---- INFORMATION SUPPLIED

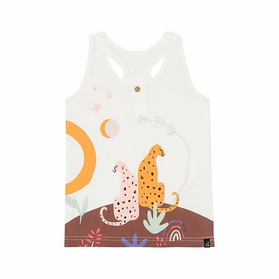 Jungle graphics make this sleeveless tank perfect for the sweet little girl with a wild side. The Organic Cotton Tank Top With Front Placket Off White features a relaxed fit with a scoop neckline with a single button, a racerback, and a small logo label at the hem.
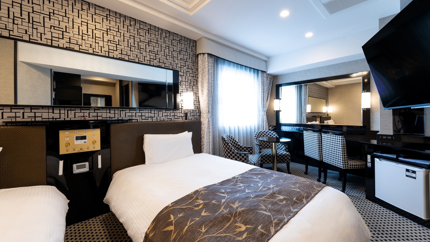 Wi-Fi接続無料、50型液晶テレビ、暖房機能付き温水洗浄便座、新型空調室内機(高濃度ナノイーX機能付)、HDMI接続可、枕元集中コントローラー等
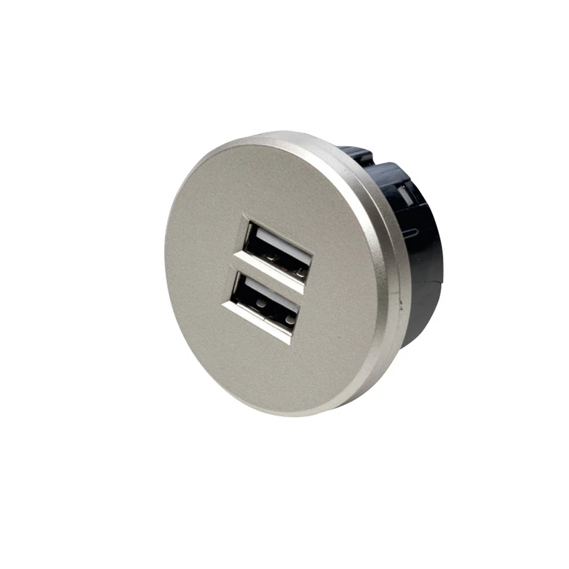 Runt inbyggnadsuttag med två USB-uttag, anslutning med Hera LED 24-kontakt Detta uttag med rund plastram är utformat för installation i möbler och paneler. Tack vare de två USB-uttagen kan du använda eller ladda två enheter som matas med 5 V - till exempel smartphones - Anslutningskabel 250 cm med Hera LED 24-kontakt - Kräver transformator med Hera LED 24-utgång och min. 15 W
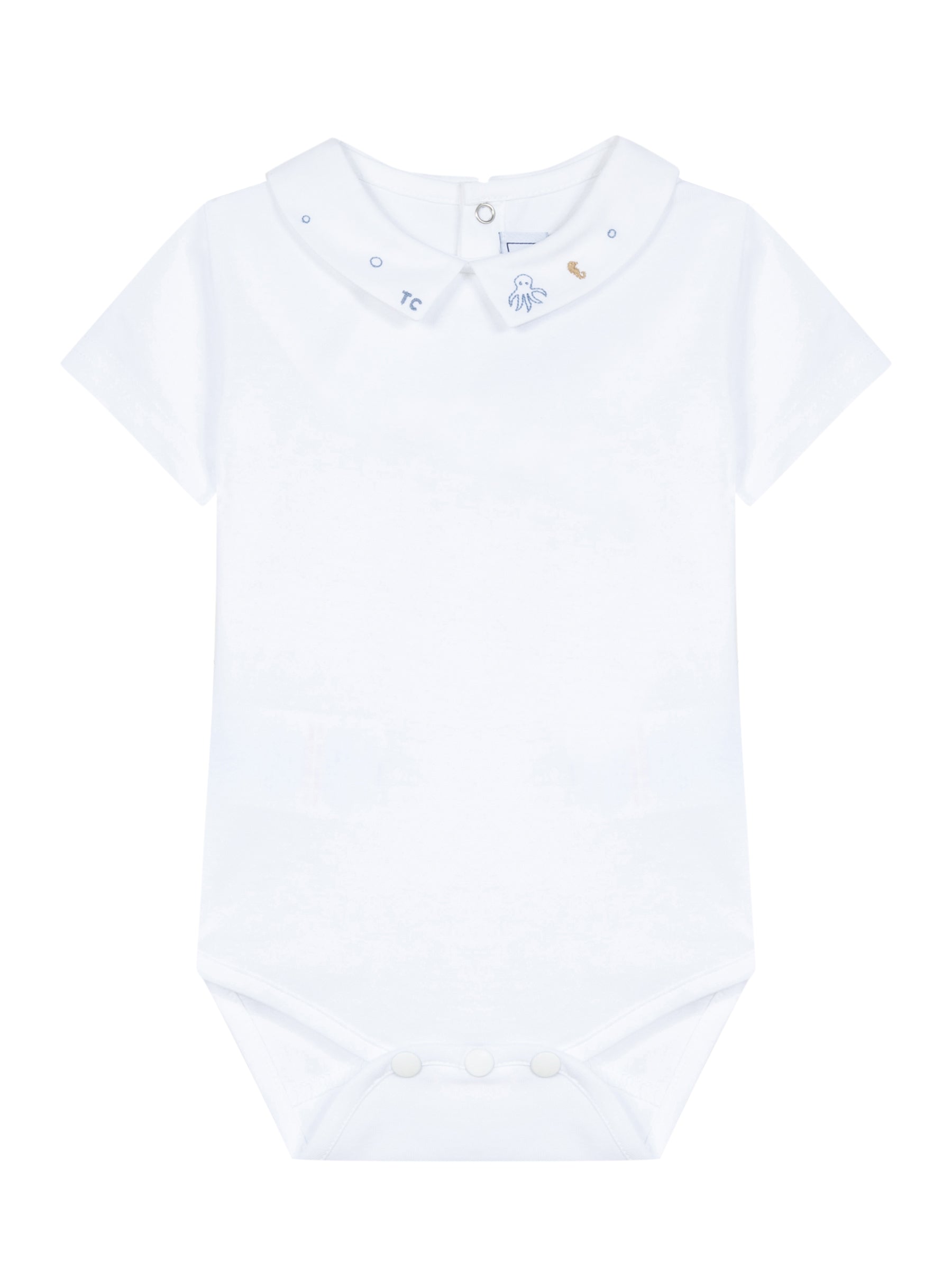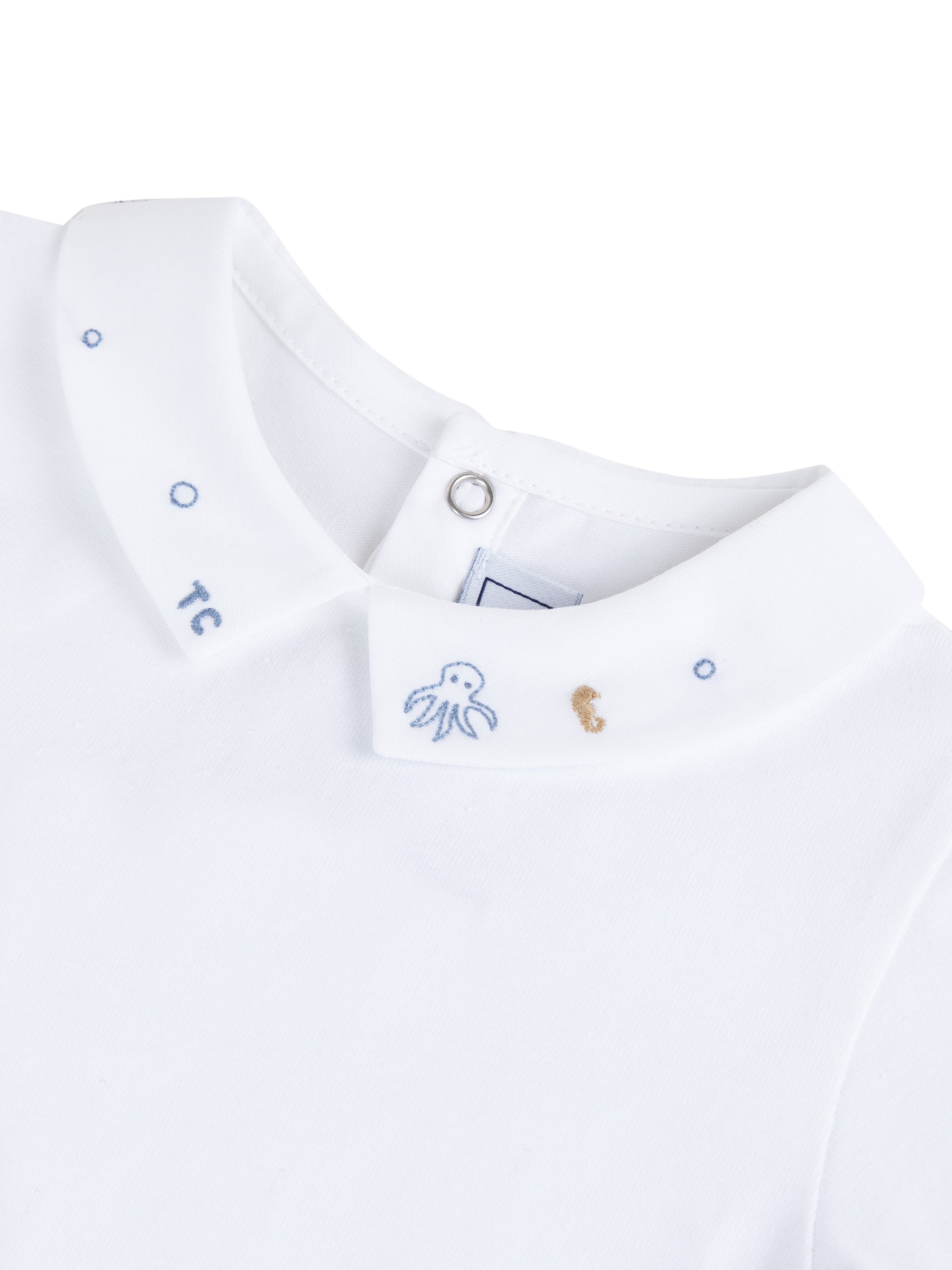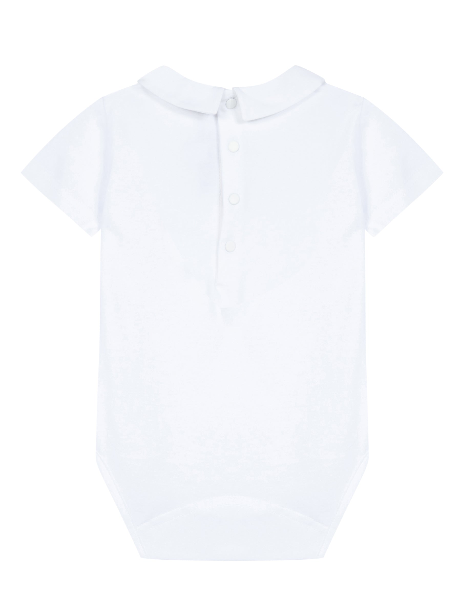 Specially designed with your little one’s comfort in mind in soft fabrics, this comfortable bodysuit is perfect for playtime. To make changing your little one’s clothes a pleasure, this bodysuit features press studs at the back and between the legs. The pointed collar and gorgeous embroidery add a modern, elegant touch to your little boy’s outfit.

--------

WHAT NEEDS TO BE DONE>
Reproduce the material above exactly, first line through the line that contains "Wi-Fi接続無料、50型液", minus the pictures.

WRITTEN SOLUTION>
 Jungle graphics make this sleeveless tank perfect for the sweet little girl with a wild side. The Organic Cotton Tank Top With Front Placket Off White features a relaxed fit with a scoop neckline with a single button, a racerback, and a small logo label at the hem.
 Wi-Fi接続無料、50型液晶テレビ、暖房機能付き温水洗浄便座、新型空調室内機(高濃度ナノイーX機能付)、HDMI接続可、枕元集中コントローラー等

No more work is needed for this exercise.